The installer walks through configuration: network interface, upstream DNS, blocklists, and admin password. Assign a static IP to your Pi-hole server first (via DHCP reservation on your router) — essential for using it as a DNS server.

Option 2: Docker

docker run -d \
  --name pihole \
  --net=host \
  -e TZ="America/Chicago" \
  -e WEBPASSWORD="yourpassword" \
  -e FTLCONF_LOCAL_IPV4="192.168.1.100" \
  -v "$(pwd)/etc-pihole:/etc/pihole" \
  -v "$(pwd)/etc-dnsmasq.d:/etc/dnsmasq.d" \
  --restart=unless-stopped \
  pihole/pihole:latest

After Install — Point Your Router to Pi-hole

Installing Pi-hole alone does nothing. You must configure your network to use Pi-hole as its DNS server. Two ways:

Router-level (recommended — covers all devices): Log into your router admin panel → find DNS settings under LAN or DHCP settings → set Primary DNS to your Pi-hole's IP address → set Secondary DNS to a fallback like 8.8.8.8 (or leave blank to force all traffic through Pi-hole). Devices will receive the Pi-hole IP via DHCP.

Per-device: Configure each device to use the Pi-hole IP as its DNS manually. Necessary if your ISP gateway does not allow changing DNS, but time-consuming for large networks.

Admin Dashboard (pi.hole/admin)

The Pi-hole admin panel shows:

Section	What You Find
Dashboard	Queries today, blocked percentage, top blocked domains, query types over time
Query Log	Live and historical DNS queries with blocked/allowed status per domain
Blocklists	Add and manage blocklist URLs (adlists)
Allowlist	Whitelist specific domains blocked in error (false positives)
Clients	Per-device query statistics — see which device is making the most requests
Settings	DNS configuration, upstream servers, blocking mode, DHCP server option

Recommended Blocklists

List	Domains	Focus
StevenBlack's Unified (default)	~130,000	Ads, malware, tracking
oisd.nl full	~1,000,000	Most comprehensive, low false positives
hagezi/dns-blocklists	Multiple tiers	Community-maintained, updated frequently
OISD basic	~400,000	Conservative, very few false positives

Add blocklists: Pi-hole admin → Settings → Blocklists → paste URL → Save and Update. After adding, go to Tools → Update Gravity to download and apply the new lists.

Common False Positives — What to Allowlist

Occasionally Pi-hole blocks a domain that breaks a legitimate service.

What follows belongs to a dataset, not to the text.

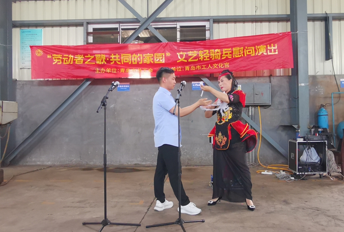 6月12日,由青島市總工會(huì)主辦,青島市工人文化宮承辦,青島市工人文化宮聯(lián)盟、青島西海岸新區(qū)工人文化宮協(xié)辦的“文藝輕騎兵”首場(chǎng)演出在明月海藻集團(tuán)隆重舉行。這場(chǎng)以“中國(guó)夢(mèng)·勞動(dòng)美——?jiǎng)趧?dòng)者之歌·共同的家園”為主題的深情慰問,由青島市知名藝術(shù)家代表聯(lián)袂呈現(xiàn),將精心編排的藝術(shù)盛宴直接送達(dá)生產(chǎn)一線,不僅彰顯了市總工會(huì)對(duì)基層勞動(dòng)者的高度重視,也體現(xiàn)了明月作為演出基地的獨(dú)特價(jià)值與認(rèn)可。平日機(jī)器轟鳴的奮斗空間,此刻化身承載藝術(shù)與敬意的舞臺(tái),吸引了眾多一線員工現(xiàn)場(chǎng)觀看。集團(tuán)工會(huì)主席楊曉菁、黨群中心主任封安波、生產(chǎn)總監(jiān)王培崗等領(lǐng)導(dǎo)共同出席觀禮。

Common fixes:

Broken Service	Domain to Allow
Samsung Smart TV updates	samsungcloudsolution.com
Microsoft Office activation	officeclient.microsoft.com
Spotify	spclient.wg.spotify.com
LG Smart TV	lgtvsdp.com
Ring doorbells	loop.ring.com

When something breaks: check Pi-hole's query log filtered by the affected device's IP, look for blocked (red) queries around the time of the issue, and add them to the allowlist.

Troubleshooting

Pi-hole blocking but queries not going to it: Verify devices are getting the Pi-hole IP as their DNS. On Windows: ipconfig /all — look for "DNS Servers." Should show the Pi-hole IP.

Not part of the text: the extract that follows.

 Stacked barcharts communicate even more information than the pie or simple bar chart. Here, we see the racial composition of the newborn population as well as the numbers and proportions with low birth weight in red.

Some devices ignoring Pi-hole: Smart TVs and Chromecast devices sometimes hardcode Google's 8.8.8.8 DNS. Block outbound DNS to bypass Pi-hole: add a firewall rule on your router blocking port 53 to any destination except the Pi-hole IP. Devices then cannot bypass Pi-hole.

Reset admin password: SSH into your Pi-hole server and run: pihole -a -p

DNS resolution failing after update: Run pihole -r (reconfigure/repair) which reinstalls without wiping your settings.